Proteins move throughout the cell and are able to associate and dissociate to other biomolecules. In muscles, for example, proteins associate to long filaments that slide along each other while the muscle contracts. The force is generated by proteins of one filament that bind to those of another filament. Then they undergo a hinge motion that "pulls" the filaments relative to each other, and subsequently the proteins dissociate. Nearly all processes in human bodies are driven by such interactions between proteins that find and bind each other, exchange information, generate forces, or build up larger-scale structures.

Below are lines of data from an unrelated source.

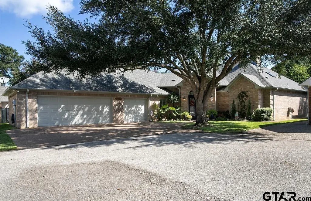 Welcome to 104 Glen Ridge Lane, a thoughtfully designed home in the exclusive **gated golf community** of Emerald Bay, just 12 miles south of Tyler on Lake Palestine. Tucked away on a quiet cul-de-sac this home combines refined details with everyday comfort. Inside soaring vaulted ceilings and walls of windows create an airy, open floor plan. Scraped hardwood floors, marble fireplace, custom built-ins, motorized shades and plantation shutters are a few of the quality features in the living room which flows into a dining space with a tray ceiling and designer lighting. A bright garden room extends to a 47 ft deck with clear views of Glen Ridge Park, perfect for morning coffee or evenings in the hot tub. The gourmet kitchen is equipped with upgraded KitchenAid appliances, a built refrigerator, under-counter ice maker, custom pull-out cabinetry, and abundant natural light from a skylight. The primary suite offers motorized shades, a spa-like bath with marble vanities, walk in shower with dual heads, skylight, and a spacious closet with custom built-ins. Two additional bedrooms feature private bathrooms and share a shower in a Jack-and Jill arrangement. A guest half-bath off the living room area completes the layout. Practical touches abound: central vacuum system, updated dishwasher and disposal (2024), and a utility room with sink, storage and natural light. Emerald Bay residents enjoy golf, lake access, community pool and resort-style amenities, all in a secure, welcoming community.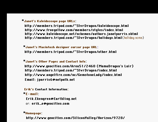 Downloadable sample schemes may be found at: http://www.kaleidoscope.net/schemes/authors/janetparris.shtml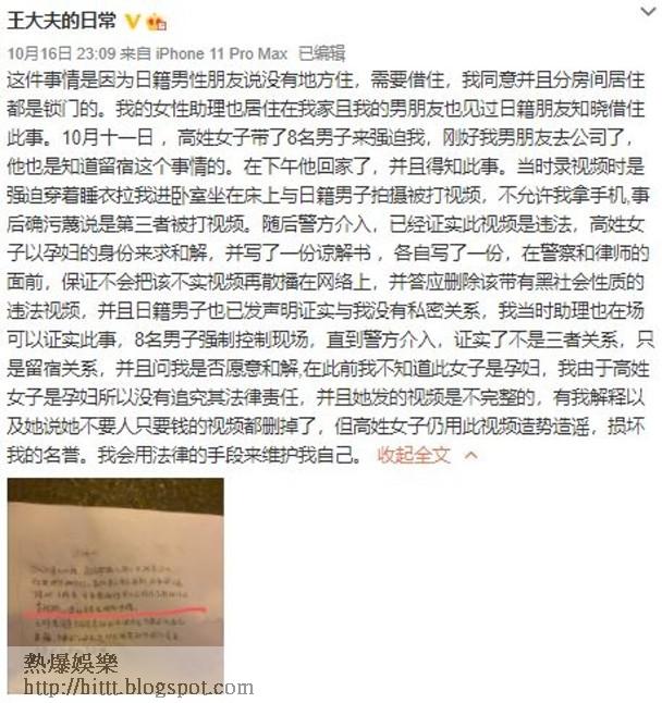 昨晚王梓芠在微博上載諒解書力證清白,並表示當時被迫著上睡衣拍攝,又指日籍男友人稱「冇地方住」,又強調女性助理亦同住一處,以及男朋友知曉此事:「當時錄入的錄像是強迫穿著睡衣拉我進臥室坐在床上與日籍男子拍攝被打視頻,事後確實污衊說是第三者被打視頻。此視頻是違法,高姓女子以孕婦的身份來求和解,並寫了一份諒解書,各自寫了一份,在警察和律師的面前,保證不會把該不實視頻再散播在網絡上。」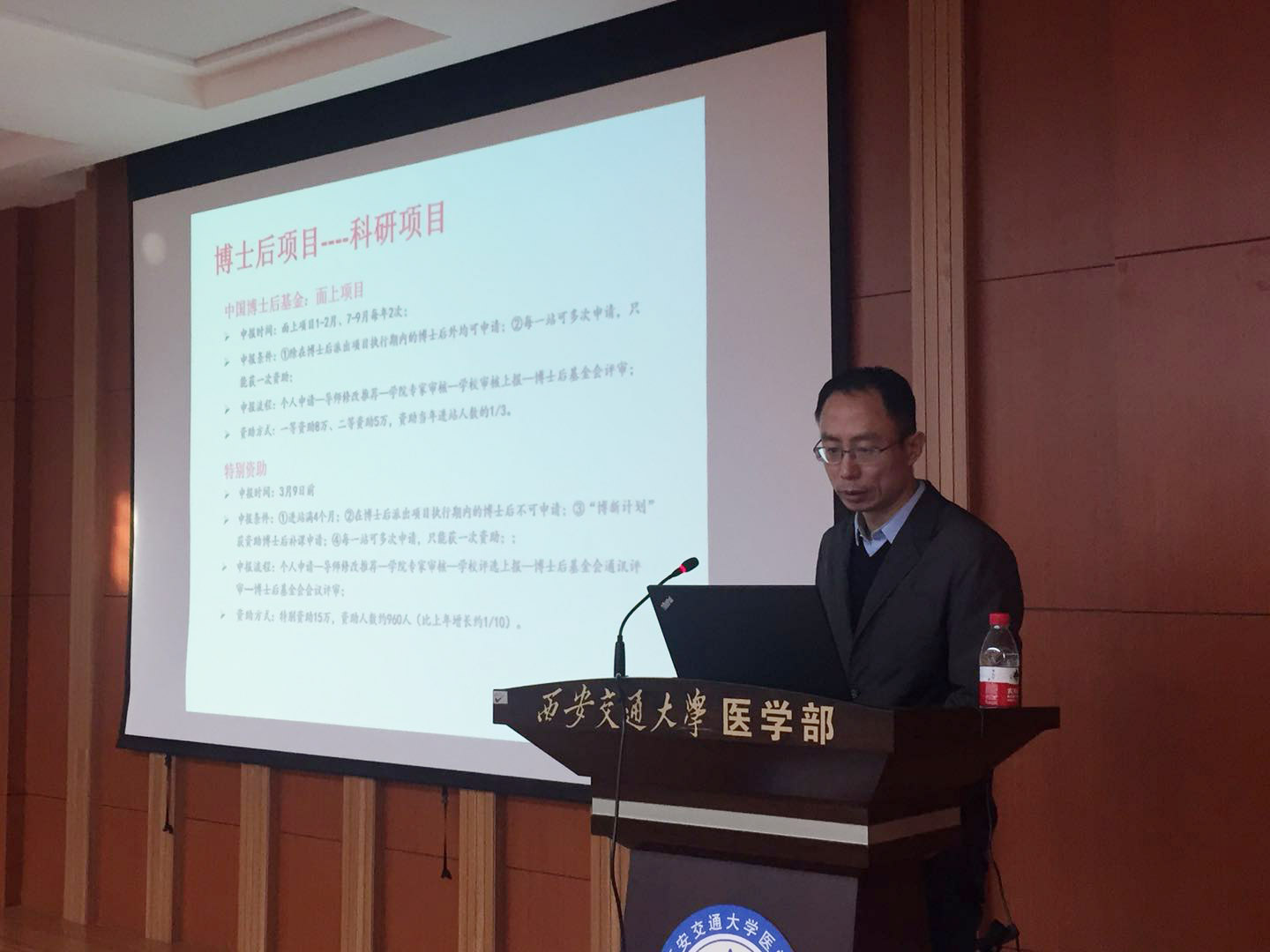 罗钰博士后以负责人的身份获得了“博新计划”的支持,他结合自身申报经验,详细讲解了申报“博新计划”的重要性、申报技巧以及注意事项。航天学院陈刚教授是博士后基金资深评审专家,他从评审专家的角度向各位博士后讲解了申报中国博士后基金需要注意的事项。贺睿主管最后对2018年上半年可申报的博士后项目进行了详细梳理和解读。

“It is impossible to observe these processes directly,” says Frank Noé. “First, proteins are extremely small – about the billionth part of a meter. Second, their geometrical structure changes very rapidly. As a result it is practically impossible to record a detailed video of processes such as protein association using microscopy or other measurements.”

When simulating such processes, the main problem lies in the extreme computational cost of the simulations, explains Noé. “Even to simulate two small proteins, the interactions between about 100,000 atoms and the resulting forces need to be computed.” Then, the simulation moves every atom a tiny bit into the direction of this force, while the time is advanced by a femtosecond – a tiny fraction of a second. Each of these steps is computationally expensive, but a billion times a billion steps would be needed to simulate the process of two bound proteins separating from each other.

Frank Noé's research group and his collaborators have made ground-breaking developments that make it possible to reach these long simulation times while maintaining the dynamical information. “By combining new mathematical methods with massively parallel computations on graphics processors we could, for the first time, simulate protein-protein association and dissociation that occurs on timescales of seconds or longer with atomic resolution,” says Frank Noé. This puts practically relevant applications in reach – such as the computational drug design.

“However, the long-time simulation of large protein systems, all the way up to cellular lengthscales, is currently impossible unless we discard the molecular resolution,” explains Frank Noé. This is precisely the topic of the ERC project; to reach this aim, new machine learning methods will be developed and employed. If successful, this project will obtain unprecedented insights in the inner workings of the cell and enable far-reaching applications such as the battling of diseases and the optimization of biotechnological processes.